Между тем просвещение умов широкой публики продолжалось, и мы, в конце концов, куда-то двигались. Наш опыт в решении важнейших задач наглядно продемонстрировал это, а в постепенном изменении настроений вокруг проблемы уличных железных дорог проявилось развитие массового сознания и массовой воли, которые когда-нибудь оправдают демократию в этих наших городах. Это, безусловно, сложнейший на свете процесс — объединение массы в двести тысяч человек для выражения единой воли по поводу одного абстрактного положения. Разумеется, время от времени масса способна, так сказать, поднять голову, изрыгнуть пламя гнева и совершить какое-нибудь сиюминутное разрушительное действие; пусть даже это будет не более чем разрушение чьей-либо репутации. Именно поэтому институт отзывов столь популярен и так щедро и часто применяется в тех городах, где он существует. На подобных выборах, с их личностным и человеческим центром притяжения, народ валом валится на участки, тогда как на референдумах по какому-нибудь абстрактному принципу явка всегда низка. Вот почему референдум столь важен, а отзыв — сравнительно маловажен; использование первого в конечном счете послужит прекрасной школой для народа.
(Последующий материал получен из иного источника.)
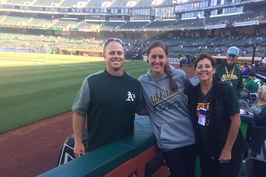 Photo above: Zach interned on the grounds crew for the Burlington Bees while a student at Knox. Photo below: Zach with his sister, Kelly Ricketts '12, and their mom at Oakland Coliseum.
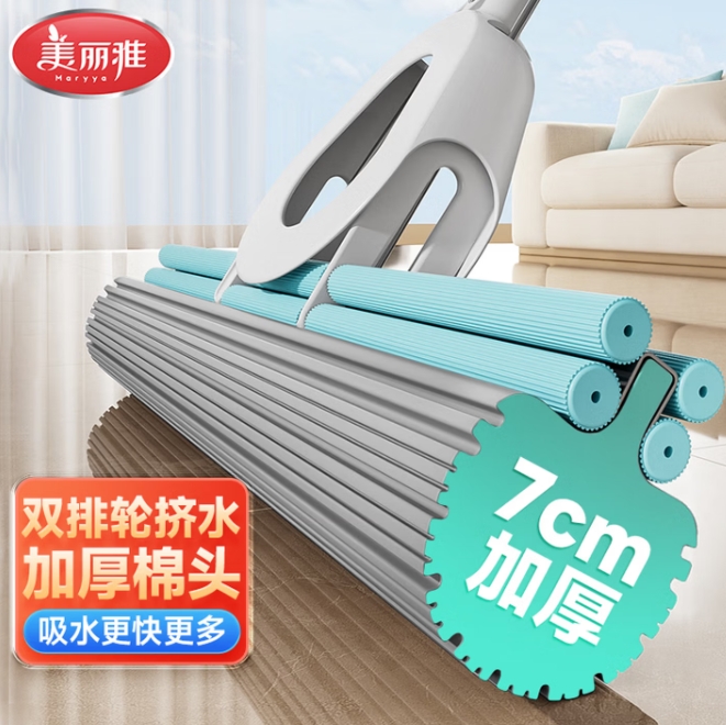 9.68元!美丽雅 吸水海绵拖把 28cm
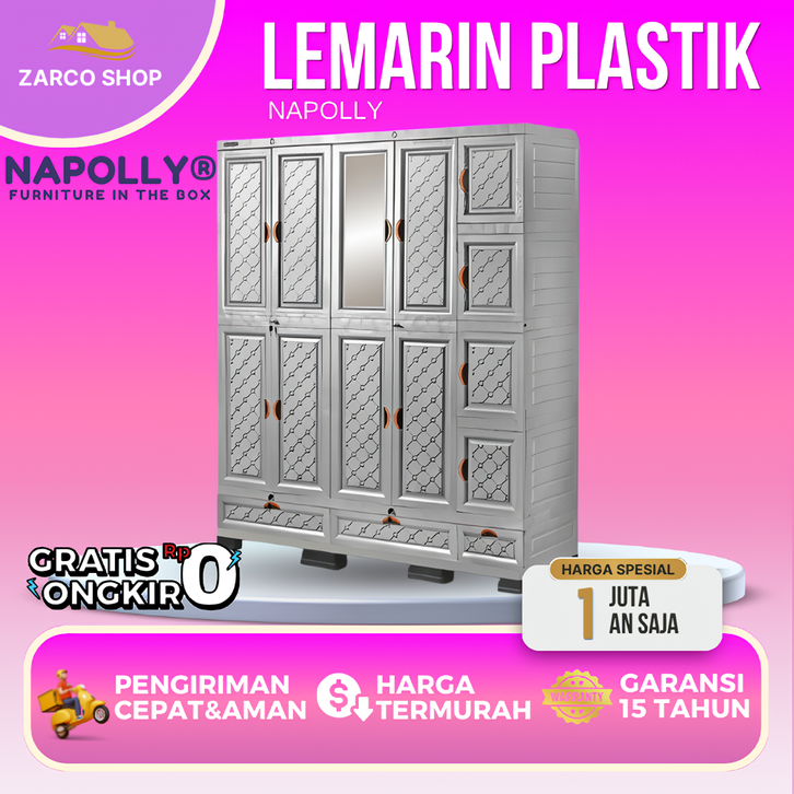 LEMARI PLASTIK NAPOLLY 5 PINTU BERKUALITAS 2024 JUMBO 4 SUSUN MINIMALIS MODERN PAKAIAN OLYMPLAST CLUB 2025 GARANSI RESMI

Самым привычным проявлением этой ярости было, разумеется, требование предать суду и посадить за решетку кого-нибудь, кто был связан с компанией темными делами — требование, к которому я никогда не испытывал ни малейшей симпатии и с которым не мог согласиться даже в мелочах. Какая польза от того, что всех бедных и несчастных служек привилегий упрячут за решетку, пока сами привилегии остаются нетронутыми? Подобные требования приносили свои плоды: еще несколько сломанных жизней, чуточку больше горя и стыда в мире, а затем призывы стихают, и все идет по-прежнему.

Именно на эту неустойчивость, изменчивость и усталость общественного сознания и уповают привилегии — с циничным доверием, которое оправдывается столь часто, что способно породить цинизм в любой наблюдательной и рефлексирующей натуре. Владельцы уличных железных дорог в Толидо рассчитывали на то, что каждые выборы будут демонстрировать эту усталость народа и возвращать им — или по крайней мере утверждать за ними — те привилегии, которыми они пользовались при старом режиме.

Поэтому для народа взять на себя ответственность и на протяжении десятилетия последовательно придерживаться определенной позиции по общественному вопросу было истинным триумфом демократического принципа. Именно это сделали жители Кливленда; именно это сделали жители Детройта; именно это сделали жители Толидо. За последовательными этапами этого процесса было крайне интересно наблюдать, тем более что в это движение оказались втянуты даже некоторые представители самой группы владельцев уличных железных дорог и их политические соратники.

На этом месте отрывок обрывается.